+++ Supplied material

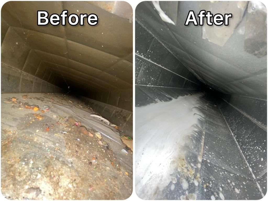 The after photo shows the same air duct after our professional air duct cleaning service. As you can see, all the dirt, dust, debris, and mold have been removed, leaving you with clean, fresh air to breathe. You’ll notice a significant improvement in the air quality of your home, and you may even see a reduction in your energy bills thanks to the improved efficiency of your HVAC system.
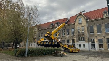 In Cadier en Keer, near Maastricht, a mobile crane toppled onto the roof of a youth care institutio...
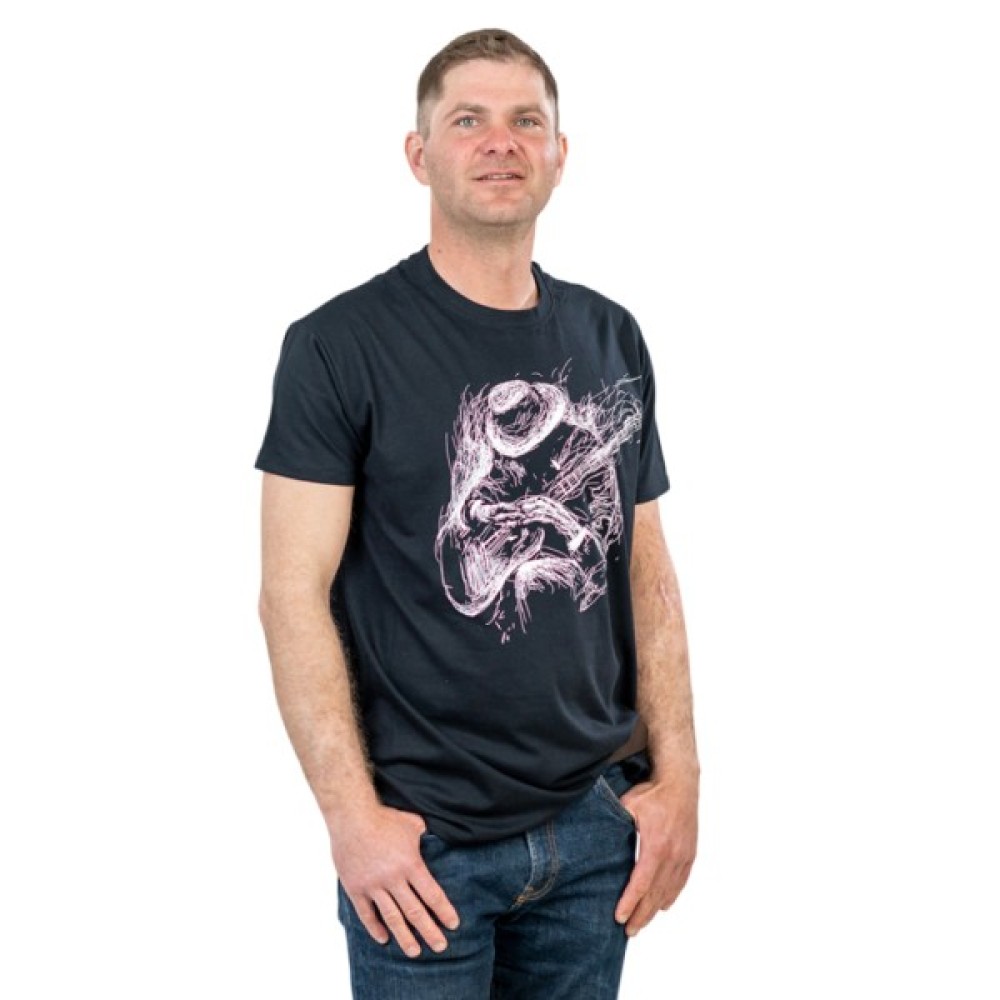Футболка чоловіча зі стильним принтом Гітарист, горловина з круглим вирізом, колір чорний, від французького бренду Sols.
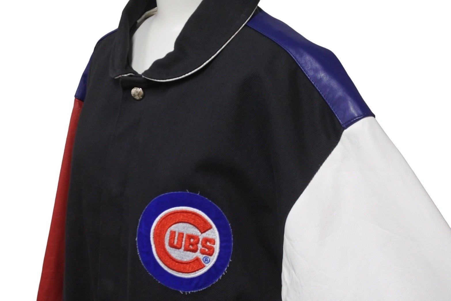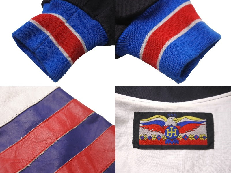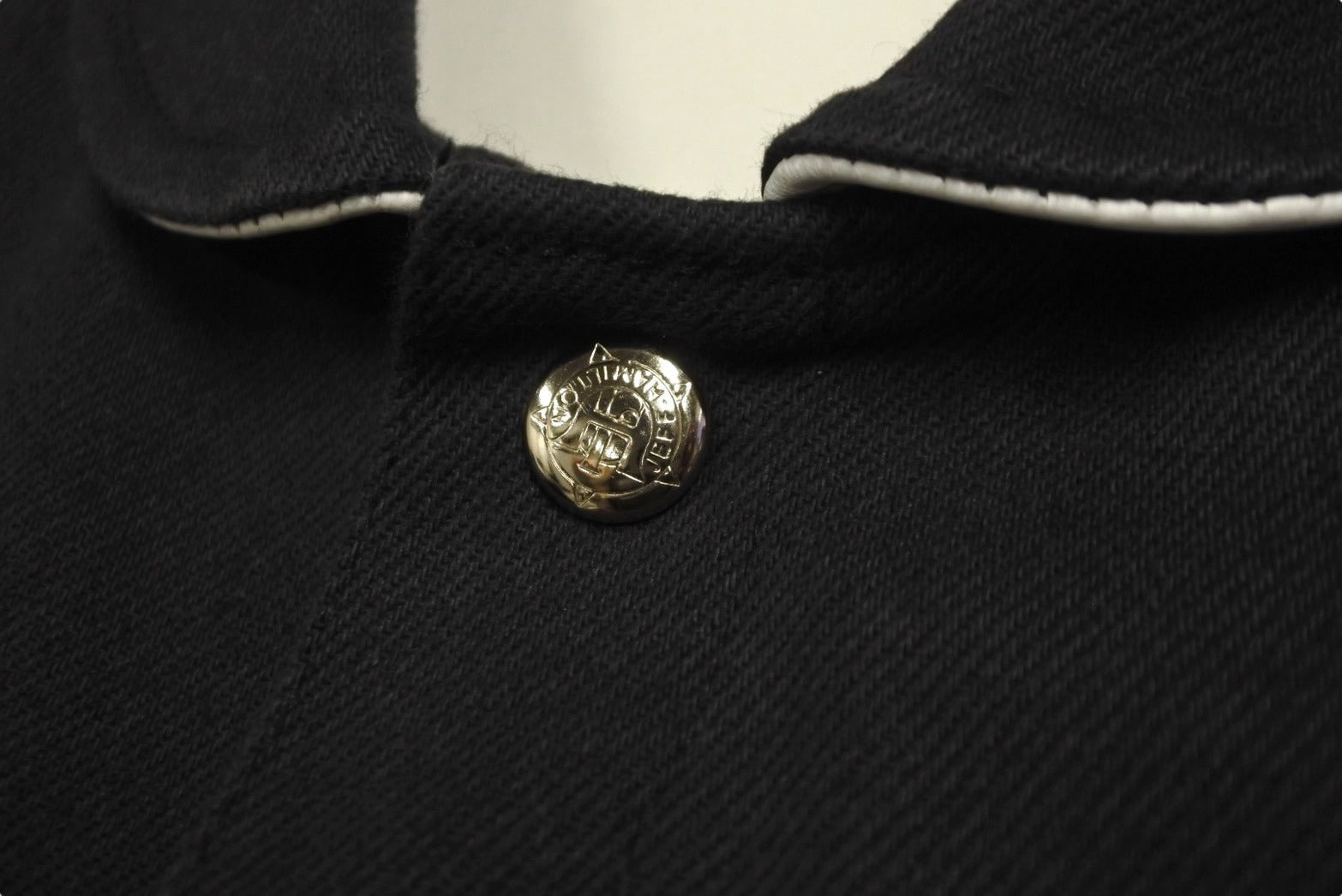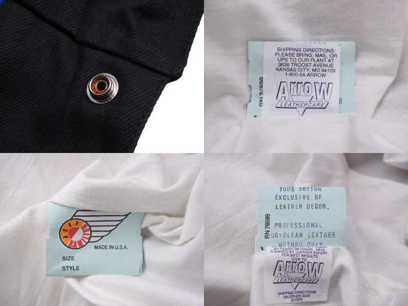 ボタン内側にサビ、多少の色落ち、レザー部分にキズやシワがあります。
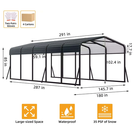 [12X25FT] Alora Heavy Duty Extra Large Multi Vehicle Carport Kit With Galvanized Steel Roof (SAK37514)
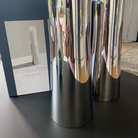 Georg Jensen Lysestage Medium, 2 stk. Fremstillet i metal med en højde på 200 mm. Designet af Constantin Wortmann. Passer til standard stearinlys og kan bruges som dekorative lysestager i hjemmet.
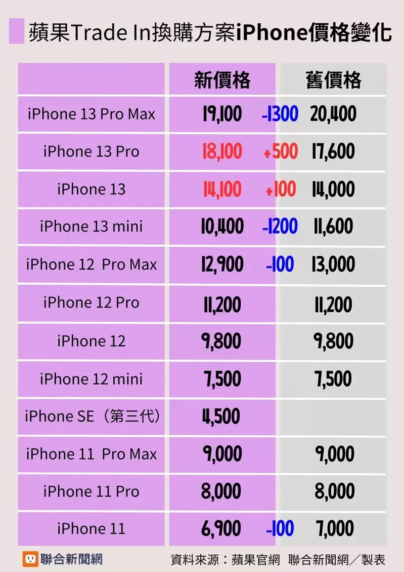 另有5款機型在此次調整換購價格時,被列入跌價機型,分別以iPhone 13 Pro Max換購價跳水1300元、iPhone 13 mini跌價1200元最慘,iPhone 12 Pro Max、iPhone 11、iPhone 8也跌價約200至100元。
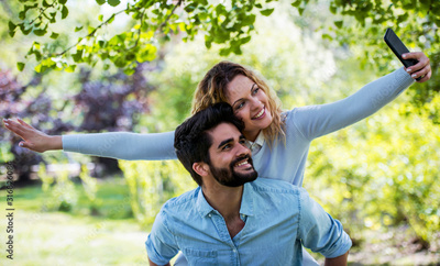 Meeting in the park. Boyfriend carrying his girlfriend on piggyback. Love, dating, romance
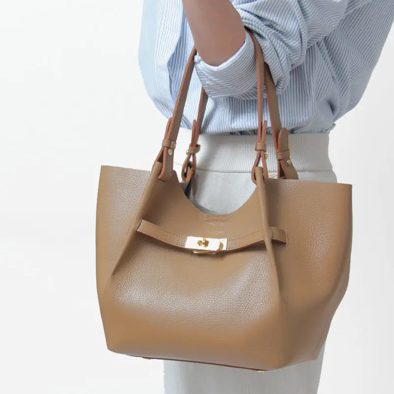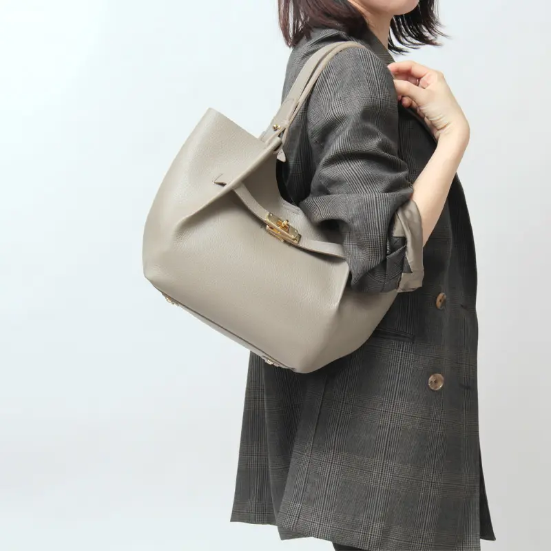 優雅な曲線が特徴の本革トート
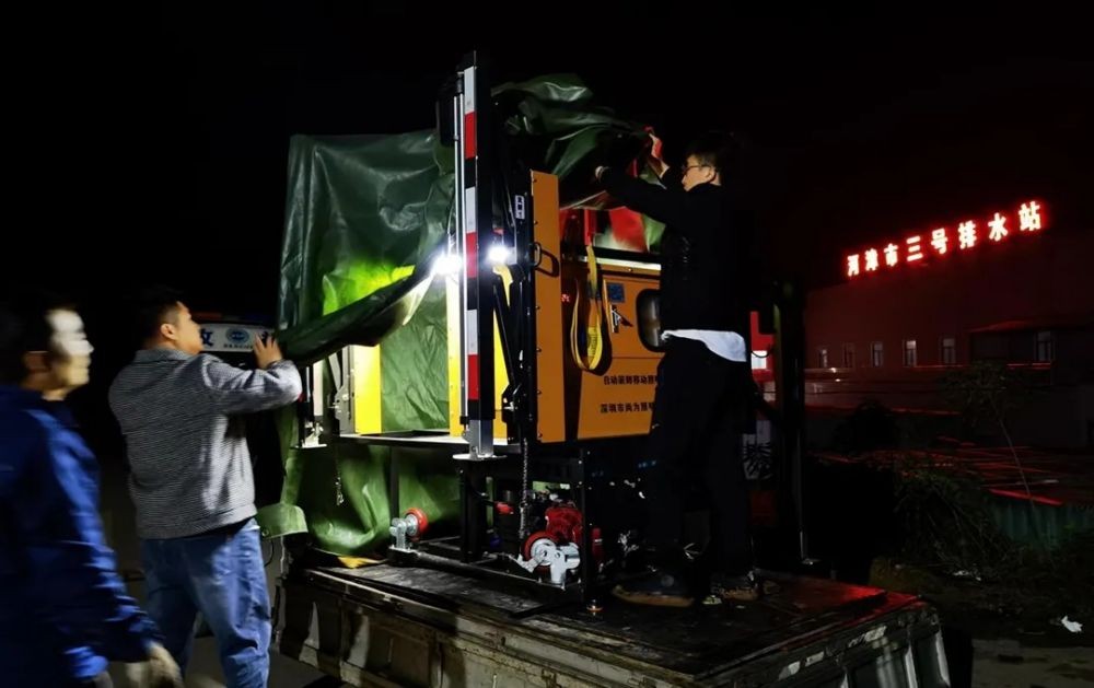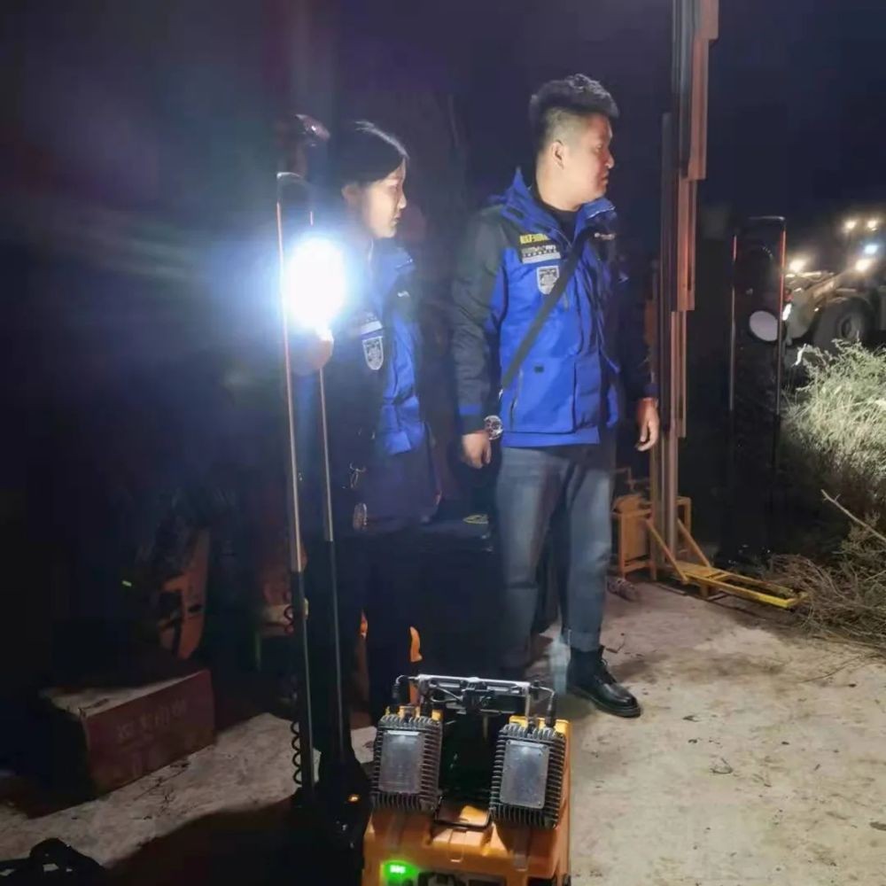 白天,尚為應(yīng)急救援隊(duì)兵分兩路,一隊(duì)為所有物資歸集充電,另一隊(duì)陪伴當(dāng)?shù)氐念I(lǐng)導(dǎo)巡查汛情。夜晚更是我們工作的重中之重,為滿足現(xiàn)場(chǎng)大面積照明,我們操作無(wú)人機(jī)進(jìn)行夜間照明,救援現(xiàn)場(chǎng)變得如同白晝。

++++++

- _Exercise requirements_
Set down the records again exactly as they appear, leaving each picture behind.

- _Solution to the problem_
 The after photo shows the same air duct after our professional air duct cleaning service. As you can see, all the dirt, dust, debris, and mold have been removed, leaving you with clean, fresh air to breathe. You’ll notice a significant improvement in the air quality of your home, and you may even see a reduction in your energy bills thanks to the improved efficiency of your HVAC system.
 In Cadier en Keer, near Maastricht, a mobile crane toppled onto the roof of a youth care institutio...
Футболка чоловіча зі стильним принтом Гітарист, горловина з круглим вирізом, колір чорний, від французького бренду Sols.
 ボタン内側にサビ、多少の色落ち、レザー部分にキズやシワがあります。
 [12X25FT] Alora Heavy Duty Extra Large Multi Vehicle Carport Kit With Galvanized Steel Roof (SAK37514)
 Georg Jensen Lysestage Medium, 2 stk. Fremstillet i metal med en højde på 200 mm. Designet af Constantin Wortmann. Passer til standard stearinlys og kan bruges som dekorative lysestager i hjemmet.
 另有5款機型在此次調整換購價格時,被列入跌價機型,分別以iPhone 13 Pro Max換購價跳水1300元、iPhone 13 mini跌價1200元最慘,iPhone 12 Pro Max、iPhone 11、iPhone 8也跌價約200至100元。
 Meeting in the park. Boyfriend carrying his girlfriend on piggyback. Love, dating, romance
 優雅な曲線が特徴の本革トート
 白天,尚為應(yīng)急救援隊(duì)兵分兩路,一隊(duì)為所有物資歸集充電,另一隊(duì)陪伴當(dāng)?shù)氐念I(lǐng)導(dǎo)巡查汛情。夜晚更是我們工作的重中之重,為滿足現(xiàn)場(chǎng)大面積照明,我們操作無(wú)人機(jī)進(jìn)行夜間照明,救援現(xiàn)場(chǎng)變得如同白晝。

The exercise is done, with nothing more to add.